Companies Billed in up to a Third of HSE Inspections

Between a quarter and a third of inspections carried out by the HSE since its cost-recovery scheme came into force in October last year found a material breach of health and safety law, resulting in a fee for intervention (FFI) on the companies involved.

This was revealed by the regulator’s head of field operations David Ashton, to delegates at the IOSH Conference on 26th February. The first run of invoices, which was initiated last month, has so far seen 1400 bills sent out to non-compliant business, meaning, he said, “the money is really coming in”.

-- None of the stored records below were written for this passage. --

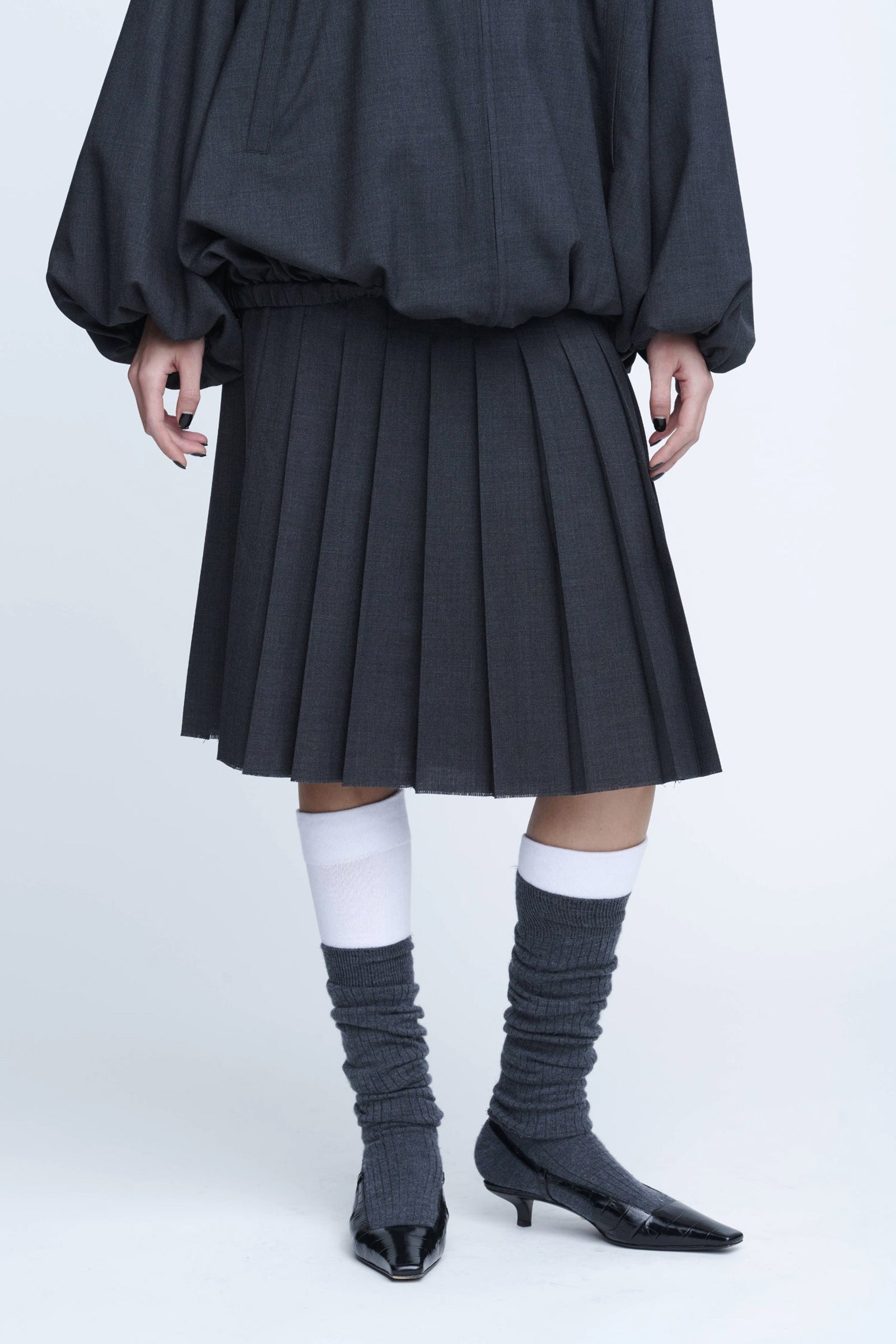 Wool Wrap Pleats Skirt
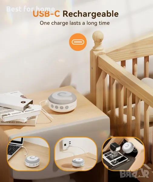 ПРЕЗАРЕЖДАЕМА И ПРЕНОСИМА - USB акумулаторна (включен USB кабел) и преносима с щипка и връзка я правят страхотна звукова машина за пътуване на бебе или в движение. Закачете го на количка, чанта или всичко друго, за да спите спокойно навсякъде. Можете да го управлявате с батерия или да го включите, до 8 часа работа с едно зареждане.
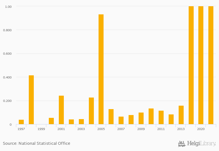 Historically, total bean consumption in Guyana reached an all time high of 1.00 kt in 2021 and an all time low of 0.003 kt in 1999.
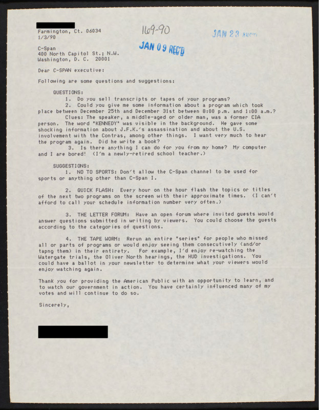 Inquires about purchasing tapes of C-SPAN programs. Offers Suggestion on the program can improve like not covering sports.
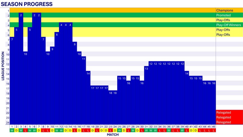 After being relegated the previous season, Wednesday once again struggle. A run of just two wins in eighteen matches sees Wednesday in 18th place in early January. A better run of results follows but one win from the last ten matches sees Wednesday finish in 16th place, five points above the relegation zone.
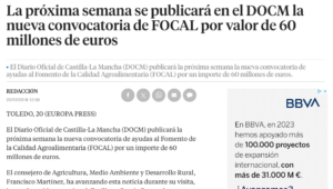 La próxima semana se publicará en el DOCM la nueva convocatoria de FOCAL por valor de 60 millones Leer más »
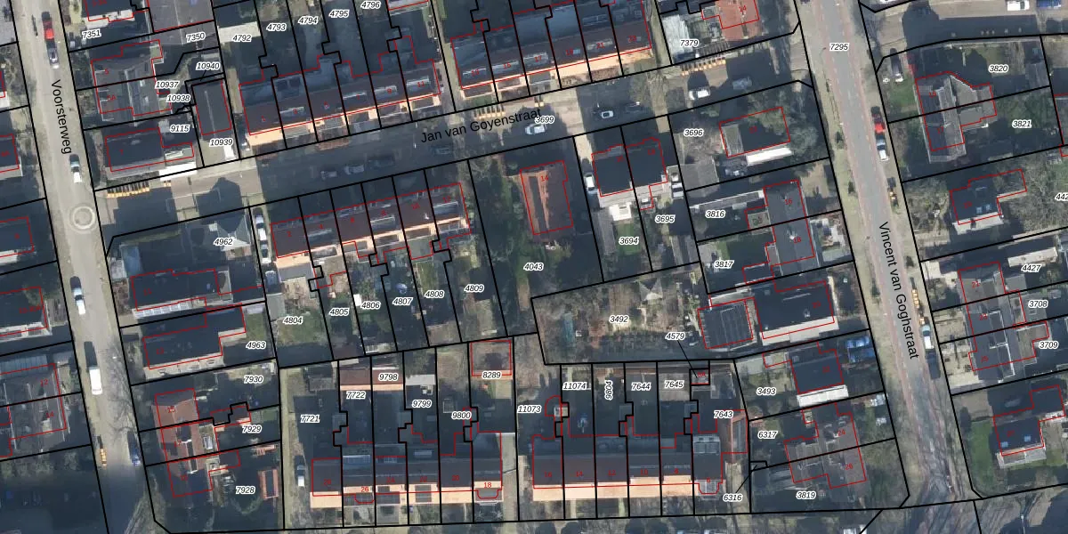 Gebruik de zoekbalk of klik op een perceel om informatie over het perceel te bekijken.
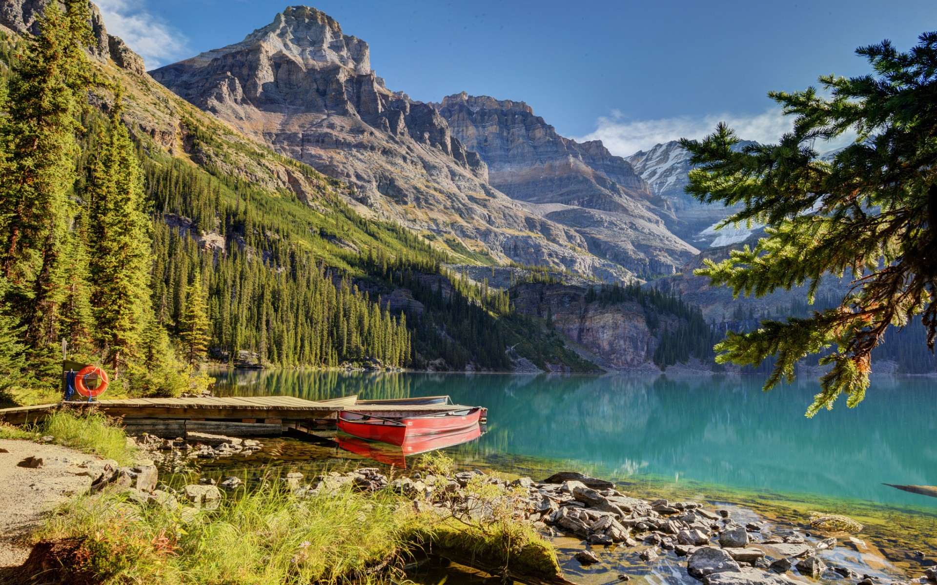 Description: A boat is docked on a rocky shore near a mountain lake with a mountain in the background and a forest in the foreground.
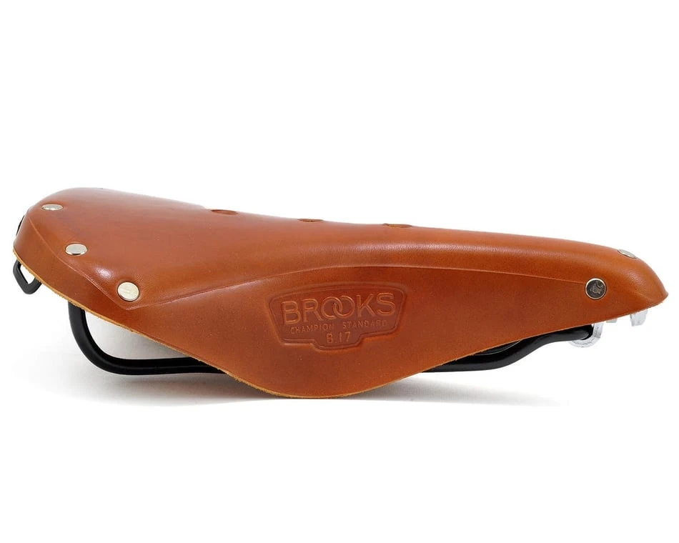 The B17 is Brooks’ flagship model, ideal for long distance sports touring, trekking and all-terrain use. It has been on the market for over 100 years, being featured in as early as the 1898 catalogue. The model is available for gents and ladies: the B17 (gents) and B17 S (ladies). The Standard models feature black steel rails, the B17 Special features copper plated steel metalwork, and the B17 Titanium. Both the B17 Special and the Titanium also feature hand hammered copper rivets.
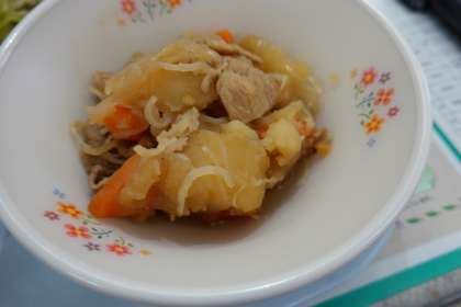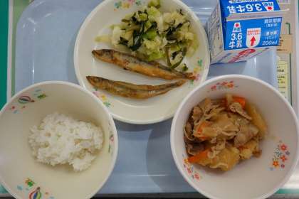 ご飯、牛乳、肉じゃが、シシャモの竜田揚げ、茎わかめと野菜の炒め物
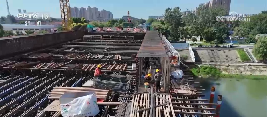 持續(xù)的晴熱天氣給河南各地的重點(diǎn)工程項(xiàng)目和生產(chǎn)一線建設(shè)也帶來“烤”驗(yàn)。這是沙潁河周口至省界航道提升工程通濟(jì)大道橋施工現(xiàn)場,工人們正在安裝橋面鋼筋。工人們穿戴了一款特殊的空調(diào)防護(hù)服,通過內(nèi)置風(fēng)扇和冰袋循環(huán)系統(tǒng)進(jìn)行降溫。
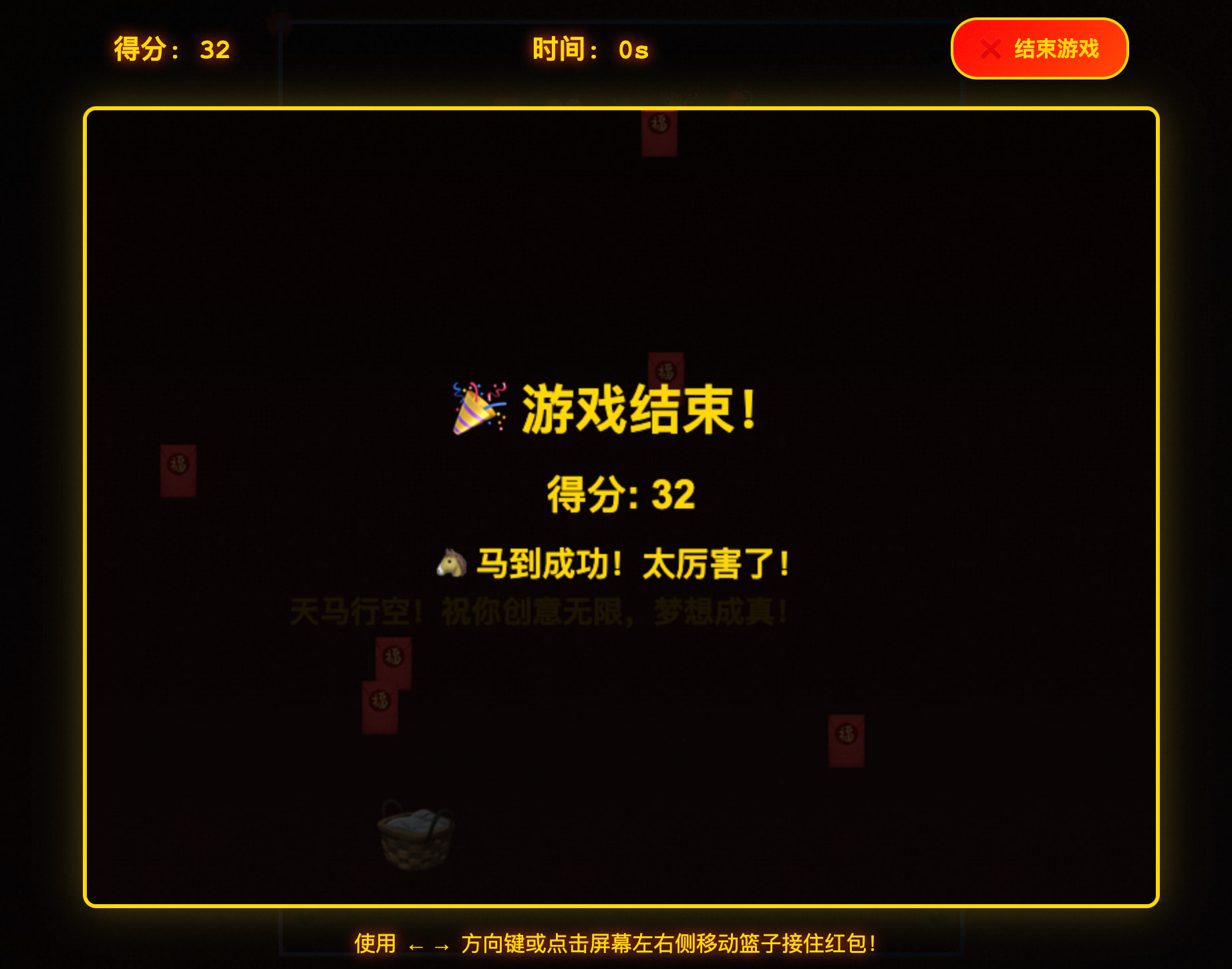 这是一个纯前端实现的马年新春彩蛋网页,为 2026 丙午年(马年)特别制作!融合了精美的 SVG 艺术、动态装饰效果和趣味小游戏,带来喜庆热闹的春节氛围。
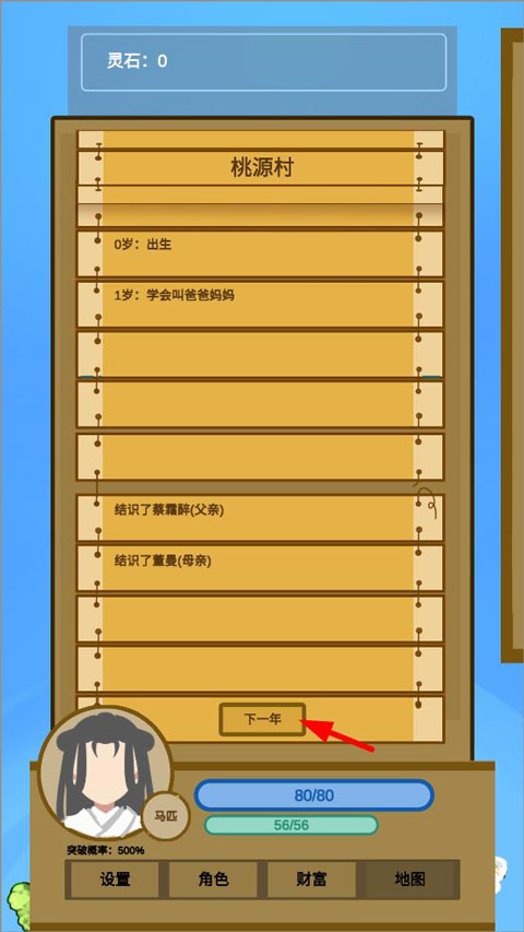 4、外观捏完,总算能正式开始了。刚开局你还是个奶娃娃,啥也干不了,直接狂点“下一年”跳时间,一直点到开蒙时期。
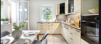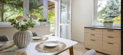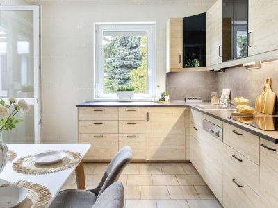A modern konyha (2020) és étkező indukciós főzőlappal és beépített sütővel felszerelt, külön hellyel egy akár 100 cm széles, az egész családot kiszolgáló hűtőszekrénynek.
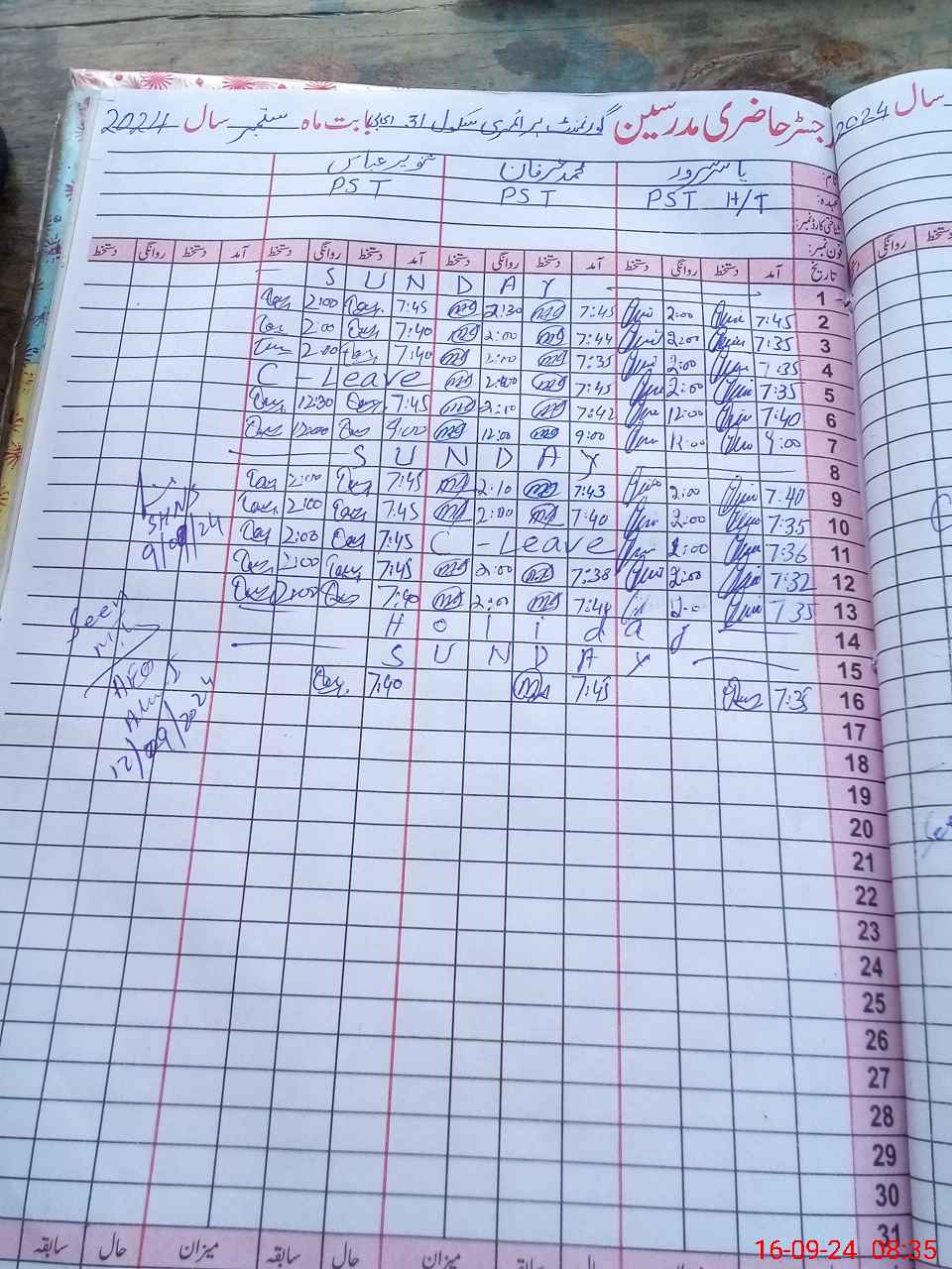 | CNIC | Full Name | Designation | R/C | Absence During Last Calender Month |

Mr Ashton also highlighted what he called “the multiplying effect” of the scheme: “From the cases we take and the information we publish, companies realise that they really don’t want to experience ‘the knock’ from the HSE, followed by a bill. I don’t want to call it a deterrent – I see it as more of a spur to good behaviour, and this is a definite advantage of the scheme.”

Briefly explaining how the scheme works, Mr Ashton said that for companies that comply with the law in all significant respects, the HSE’s advice is free, while those who don’t will be charged for its time to put things right.

He reassured delegates: “We won’t go looking for breaches, easy targets, or deep pockets. And there are no financial targets for inspectors. We won’t change what we do, which is look at sites, see what’s wrong, assess the significance of that and act accordingly. If there is a material breach, it will trigger a bill for our time.”

The FFI procedure, once it has been trigged by determining a material breach – which, Mr Ashton emphasised several times, is clearly explained in the myriad guidance on FFI available on the HSE’s website – works as follows.

The company will get a formal notice of contravention, which will include details of what is wrong (i.e the contravention itself), what action is required, and information about FFI. This covers the entirety of the inspection process and the time necessary afterwards to report on that work – all of which is charged at £124 per hour.

Invoices are sent after two months, and the duty-holder has 30 days to pay. There is a formal disputes and queries mechanism, though Mr Ashton revealed that of the 1400 invoices sent so far, the number of appeals has been “in single figures”.

He concluded: “I think FFI is here to stay and, some years from now, we will be glad we did it.”